Say I have a "semi" directed, weighted, graph (some edges are undirected, some are directed).
Consider two nodes, A and B. Consider the set of all paths that take me from node A to node B.
I essentially want X samples of all these paths. I don't want these samples to be "too close" to the ideal path. Essentially, I want them relatively spread out over the space of solutions. I do want to include cyclic paths, which I know makes the set of possible paths infinite. Therefore, I want the paths to be relatively close to the ideal path, but still not too close. This is obviously a very vague, non-rigourous description of this aspect of the problem, which is why if possible, I would like to be able to specify some parameter that lets me control how close to the ideal my samples are.

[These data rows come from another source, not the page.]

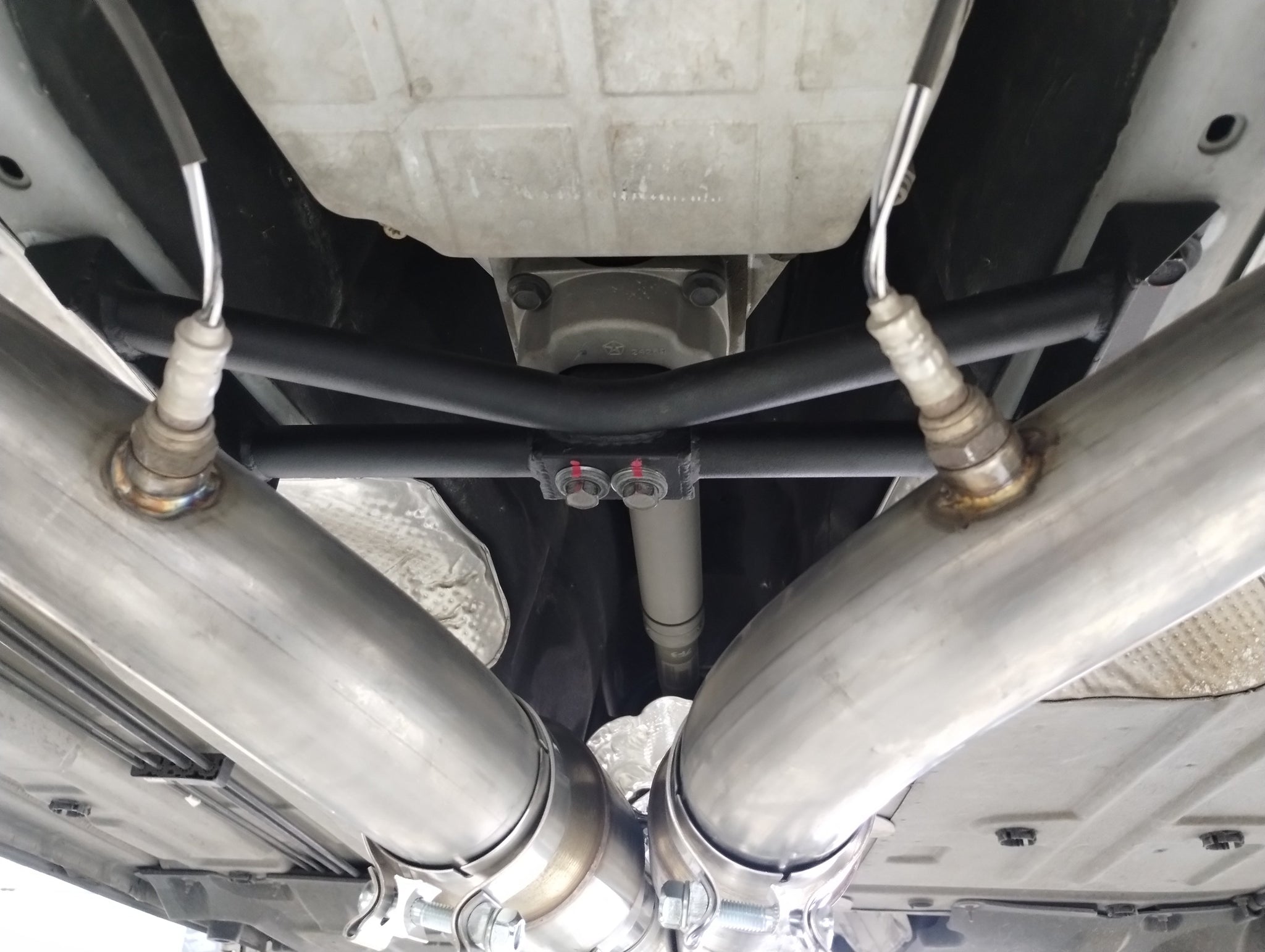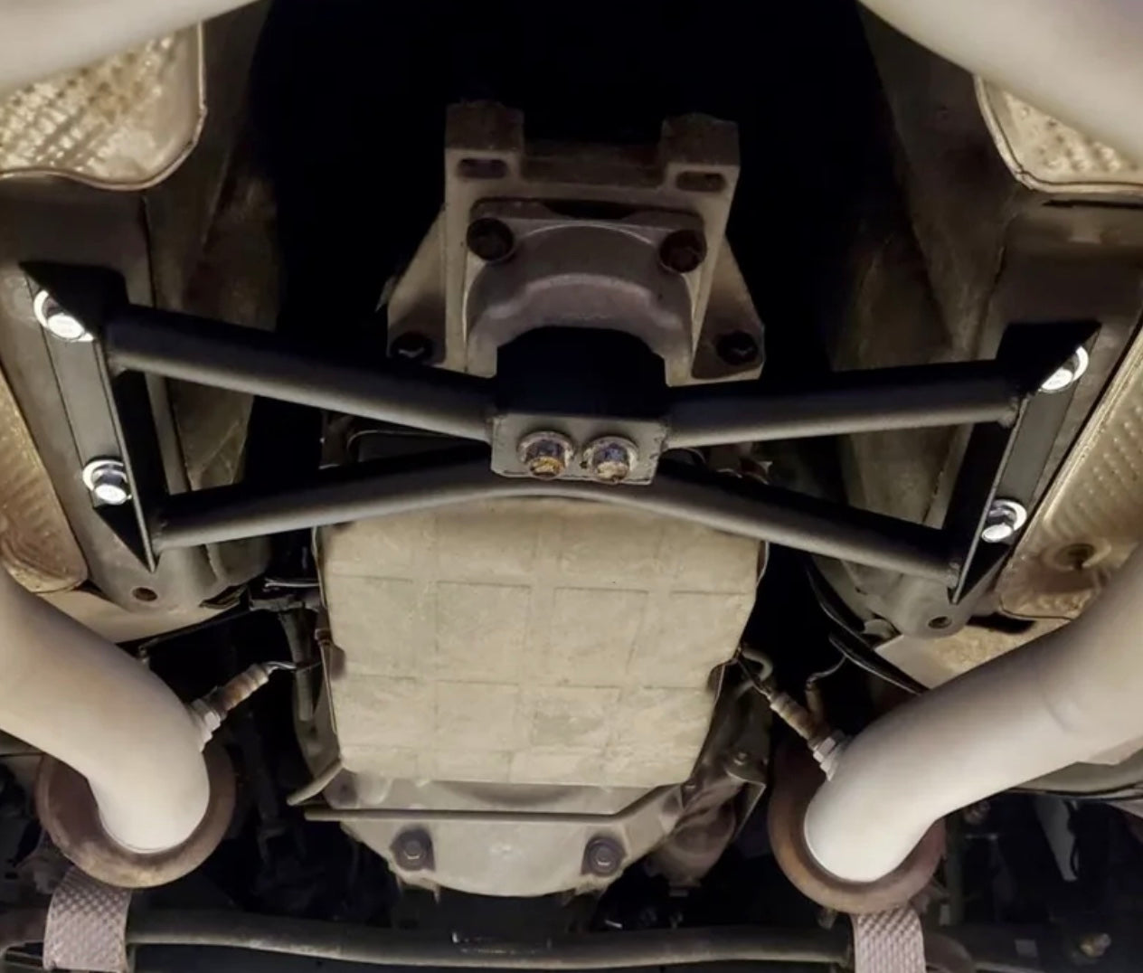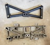 Automatic transmission crossmember. It is built with 4130 chro-moly tubing. We use multiple tubes in a triangulated design making for a much more rigid part. By incorporating chro-moly we are able to build a stronger, more rigid part and still be 3 lbs lighter than stock.
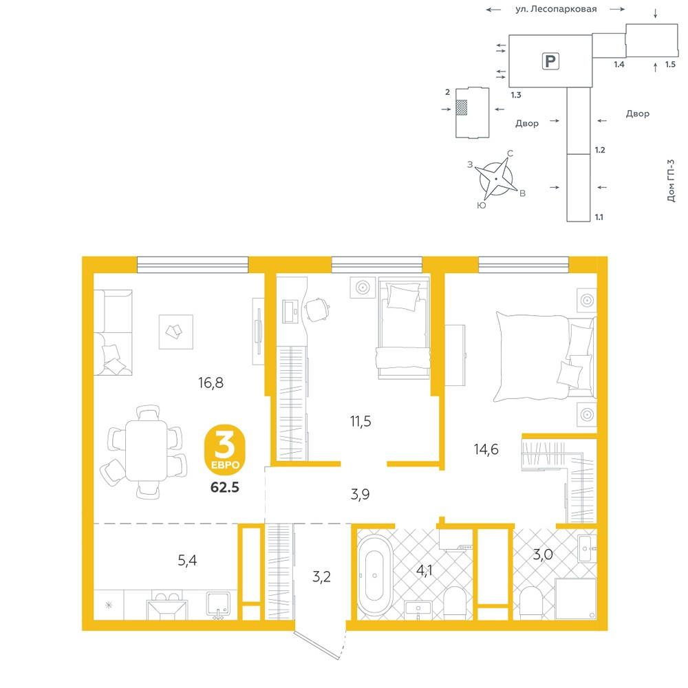 Квартира располагается в ГК «Чистые Пруды» от «Паритет девелопмент». Это флагманский проект компании в Тюмени. <br>Расположение вдали от шумных улиц и оживленного центра создает ощущение жизни на природе и окружает тишиной и спокойствием. Есть вся необходимая социальная и коммерческая инфраструктура: магазины и сфера услуг на первых этажах. Школы, сады, поликлиника, парки в шаговой доступности.<br>Квартал строится в районе Новой Лесобазы. Рядом выезд на объездную, что существенно экономит время. Поездка до центра города на автомобиле занимает 15-20 минут.<br>Городские кварталы «Чистые Пруды»сформирован из домов переменной этажности и многоуровневых паркингов. Ввод 1 очереди строительства запланирован на II кв. 2028 года. <br>Всё благоустройство квартала представлено двумя функциональными зонами: приватная внутри дворовая и общественная. Каждый закрытый двор имеет выход на единую променадную зону - бульвар.<br>Концепция благоустройства основана на принципе модульности, что формирует основную идею приватности. Приватность проекта подчеркивает его особенный климат внутри. Модульное благоустройство позволит максимально эффективно использовать пространство двора и удовлетворить потребности различных категорий жителей.<br>В квартирах базово выполнена улучшенная черновая отделка, которая включает в себя: выровненные стены, стяжка пола с шумоизоляцией, горизонтальная разводка отопления, установлены счетчики с телеметрией, окна с 5-камерным профилем и надежные входные двери.<br>При желании можно добавить ремонт от застройщика и включить его в стоимость ипотеки, что позволит сэкономить на стройматериалах и переехать сразу после получения ключей. <br>Характеристики квартиры:<br>этаж - 22<br>количество комнат - 3<br>номер помещения - 213<br>площадь квартиры - 62,5 кв.м<br>Гармоничные пропорции и большие окна наполняют пространство светом, создавая уютную атмосферу. Умное зонирование позволяет удобно организовать как рабочую, так и жилую зоны, что особенно важно для современных жителей. Санузел спроектирован с учетом всех потребностей: здесь есть ванна и место для стиральной машины. Каждый метр квартиры используется с максимальной эффективностью, что делает эту планировку отличным выбором для тех, кто ценит комфорт и удобство. |
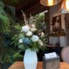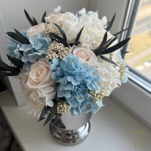 Композиция из кремовых роз белой и небесно-голубой гортензии
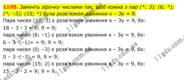 Замініть зірочку числами так, щоб кожна з пар (*; 3); (6; *); (*; –3); (15; *) була розв’язком рівняння х – Зу = 9. Пара чисел (18; 3) є розв’язком рівняння х – Зу = 9, бо: 18 – 3 ∙ 3 = 9; 9 = 9; пара чисел (6; –1) є розв’язком рівняння х – Зу = 9, бо: 6 – 3 ∙(–1)= = 9; 9 = 9; пара чисел (0; –3) є розв’язком рівняння х – Зу = 9, бо: 0 – 3 ∙(–3) = 9, 9 = 9; пара чисел (15; 2) є розв’язком рівняння х – Зу = 9, бо: 15 – 3 ∙ 2 = 9; 9 = 9.
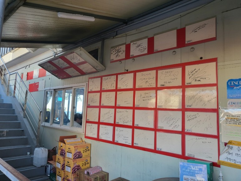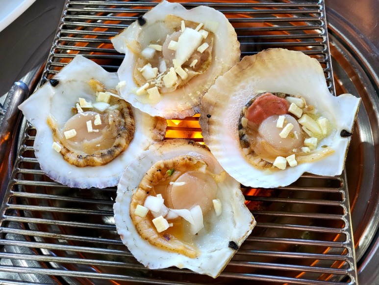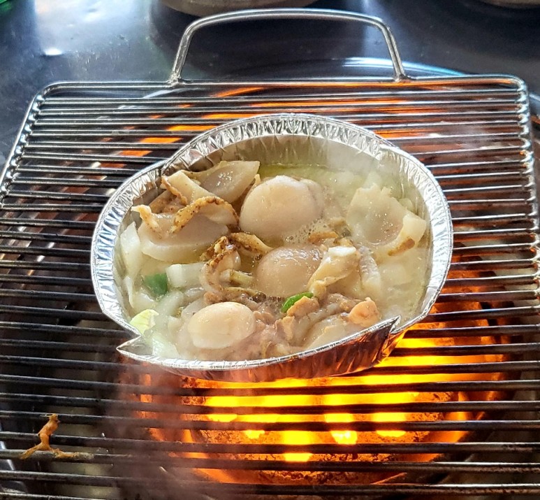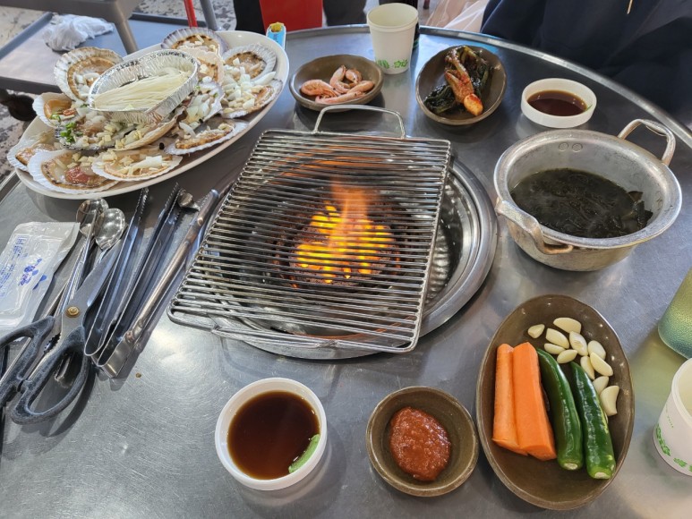 열무김치랑 먹으면 굉장히 찰떡궁합입니다.저희가 가리비를 너무 못해서 연기도 많이 내서 하나 태워먹었거든요많이 불편했지만, 아주머니께서 그리운 사투리로 가리비를 굽는 것을 보여주시고, 구운 가리비도 새것을 가져다 주셨습니다.감동이었습니다(´;ω;`)

These are the solutions I have thought of so far:
1) Use some kind of algorithm that gives me the X shortest paths. The problem with this is the samples are all too similar to the ideal path in terms of length.
2) Do the following:
a) Run A*/Dijikstra's to find the ideal path. b) Remove X% of the edges that form the ideal path. c) Run A*/Dijistra's again to find the second sample. The fact that a portion of the edges have been removed from the ideal path, should mean that this second sample should be quite different. d) Remove X% of the edges that form the second sample. e) Repeat.
The problem with this is that I'm worried that for a large number of samples (10000+), a very large number of edges will be removed, making the samples taken later on to be very different from the ideal path.
Does anyone have any ideas on how to better approach the problem?
The graph is quite big (100000+ nodes and edges). The algorithm's speed and performance is very important, however I can do a very large amount of preprocessing beforehand, if necessary.